The research, paid for by Z Energy but carried out independently, said oil price changes were now quicker to filter through to the forecourts.

The Institute for Economic Research (NZIER) analysed government retail price data and the price of Dubai crude oil between April 2004 and March 2015.

The study was conducted by a principal economist, John Stephenson, who said the market had been more active over the past few years and changed the way it behaved.

"Prices look like they're changing more rapidly in response to oil prices," he said.

"So as oil prices go up, those price changes are coming through more quickly, and as they're going down, those price changes are also coming through more quickly.

"That's something we've seen probably over the last three or four years. It's new compared to our previous work [in 2013]."

Z Energy chief executive Mike Bennetts said price changes were now smaller but more frequent.

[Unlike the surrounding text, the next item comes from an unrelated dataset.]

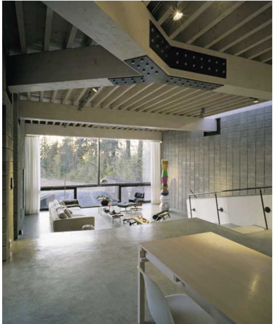
Het interieur van het hoofdvertrek kent verschillende niveaus. De woonruimte ligt onderaan. De materialen en de verbindingen zijn in het zicht gelaten en geaccentueerd.

Aanvang bouw juni 2005 / Oplevering augustus 2006

"Typically we might have waited three, four, or five days to see a trend, and usually if we did that, it would sometimes manifest itself as a larger movement up or down.

"Based on the feedback we had from customers, we said 'let's not wait for four or five days, let's do it after a day or two, once it looks like it's going in a particular direction', and then obviously in doing that, it's a smaller number."

He said competition has increased as there are fewer large owners and more franchises.

"In today's market, about 75 percent of the service staions are actually individually priced by, if you like, the mum-and-dad operators rather than the big companies.

"That's a good thing. It's not a matter of four individuals deciding the price each day, it's now in the hands of 800-850 individuals ... And you're seeing a lot more evidence of regional price variation."

Fast enough - but far enough?

The results haven't surprised analysts, who say they're similar to studies carried out in the past seven years or so.

But AA pricewatch spokesperson Mark Stockdale said there was a distinct difference between how quickly fuel prices change and then by how much, which he said the report did not look at.

"They're talking about the speed of change; they're not talking about the size of the change," he said.

"Certainly, the AA has observed there have been times when they have not dropped prices far enough. They've dropped them fast enough, but they haven't dropped them far enough.

"So we might have seen, for example, commodity price fall by four cents a litre and the next day, they drop the retail price by two cents a litre."

Mr Stockdale said fuel companies were not always passing on the size of exchange rate or commodity price changes, and could pocket some of that fall in cost.